IN 1889, THE CRIDDLES’ ESTATE BECAME THE FOCUS of attention for the district. People were coming from all over the countryside to observe the total solar eclipse through Percy’s exquisite telescope. At the same time, 6,000 miles due east, Alexandra Uvarov was giving birth to her third son. Boris Petrovich Uvarov had the great good fortune of being born into a family that loved to spend time in the countryside, and of being born into a countryside with a remarkable diversity of grasshoppers, crickets, and katydids. Although the steppe surrounding his hometown was arid and uninviting, Uralsk lay along the Ural River—an oasis teeming with life just inside the border of modern-day Kazakhstan. The Uvarovs went on family outings, filling their horse-drawn wagon with tents, pots, fishing gear, and the family cat. Perhaps this affinity for nature was particularly important for his father, Petr, who worked as a state bank employee and could not have found much of the “tonic of wilderness” within the gray walls of a financial institution. The family spent weekends camping and hiking, and it was not long before young Boris began collecting insects as a hobby. His drawers of meticulously prepared specimens yielded several prizes, and the teachers at the Agricultural School encouraged him with high praise.

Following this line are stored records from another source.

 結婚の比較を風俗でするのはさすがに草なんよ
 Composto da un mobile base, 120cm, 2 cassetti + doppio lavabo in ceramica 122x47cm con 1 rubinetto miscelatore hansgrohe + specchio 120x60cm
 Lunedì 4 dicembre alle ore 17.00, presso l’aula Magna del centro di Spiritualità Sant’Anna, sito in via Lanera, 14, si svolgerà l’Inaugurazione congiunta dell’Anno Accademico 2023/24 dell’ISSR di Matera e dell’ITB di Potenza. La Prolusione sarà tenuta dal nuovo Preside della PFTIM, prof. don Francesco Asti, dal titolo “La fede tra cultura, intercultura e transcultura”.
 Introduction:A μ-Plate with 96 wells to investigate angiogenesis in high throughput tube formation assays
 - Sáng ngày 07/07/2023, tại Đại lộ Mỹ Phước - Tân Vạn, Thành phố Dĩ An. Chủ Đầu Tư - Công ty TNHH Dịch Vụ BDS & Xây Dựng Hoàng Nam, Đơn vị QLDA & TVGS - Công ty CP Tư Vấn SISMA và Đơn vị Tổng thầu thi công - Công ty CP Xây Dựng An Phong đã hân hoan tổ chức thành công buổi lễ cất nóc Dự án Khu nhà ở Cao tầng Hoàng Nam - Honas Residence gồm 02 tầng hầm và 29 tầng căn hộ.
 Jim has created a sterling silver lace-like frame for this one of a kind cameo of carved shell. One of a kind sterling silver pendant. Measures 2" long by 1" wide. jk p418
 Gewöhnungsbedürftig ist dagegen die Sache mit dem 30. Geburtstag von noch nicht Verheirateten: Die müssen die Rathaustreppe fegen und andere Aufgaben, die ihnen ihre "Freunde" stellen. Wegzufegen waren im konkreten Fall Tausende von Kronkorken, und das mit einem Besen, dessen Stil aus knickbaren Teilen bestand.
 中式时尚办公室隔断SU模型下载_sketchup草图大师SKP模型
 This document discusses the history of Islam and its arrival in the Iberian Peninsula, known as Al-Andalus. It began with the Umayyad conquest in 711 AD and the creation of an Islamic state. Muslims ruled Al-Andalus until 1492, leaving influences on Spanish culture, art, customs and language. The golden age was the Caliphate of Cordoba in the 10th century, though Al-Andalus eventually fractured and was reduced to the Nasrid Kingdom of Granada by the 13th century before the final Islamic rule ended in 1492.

At the age of fifteen, Uvarov began his higher education at the School of Mining in Ekaterinoslav but soon transferred to the University of St. Petersburg. Although this university later developed a premier program in entomology, in earlier days it did not provide an optimal setting for the study of insects. And so, Uvarov settled into a less conventional but decidedly effective “school” while attending the university. He discovered the wonders of the Russian Entomological Society, which held informal meetings every Monday and hosted the reading of scientific papers once a month. The budding scientist was entranced with the opportunity to mingle with the most eminent entomologists in all of Russia.
Through the society, Uvarov was allowed to visit the entomological section of the Zoological Museum in the Academy of Sciences, and he became infatuated with insect taxonomy as surely as a moth is drawn to a flame. In the midst of this love affair, a seminal book on the Orthoptera (the order of insects that includes the grasshoppers, locusts, crickets, and katydids) of the Russian Empire was published in St. Petersburg, and Uvarov’s passion became keenly focused. He wrote his diploma paper on the Orthoptera of his beloved homeland, the Uralsk province, basing the manuscript on the collections he had made during summer holidays. Little did he realize that this was the first step toward publishing nearly 500 scientific papers on various aspects of grasshoppers and locusts.
Upon his graduation, Uvarov’s life turned from the quiet and intense studies of a university student to the whirlwind of marriage and work. He was appointed as the entomologist to Murgab Crown Cotton Estate in Transcarpia, but a year later he returned to St. Petersburg to join the Department of Agriculture. Romance became a centerpiece of his life. The young scientist had the “white nights” of summer in Russia’s most cultured and elegant city to share with his wife, Anna. And he was seduced by opportunities to foster his intellectual passion through travel to the Northern Caucasus for his other great love—locusts.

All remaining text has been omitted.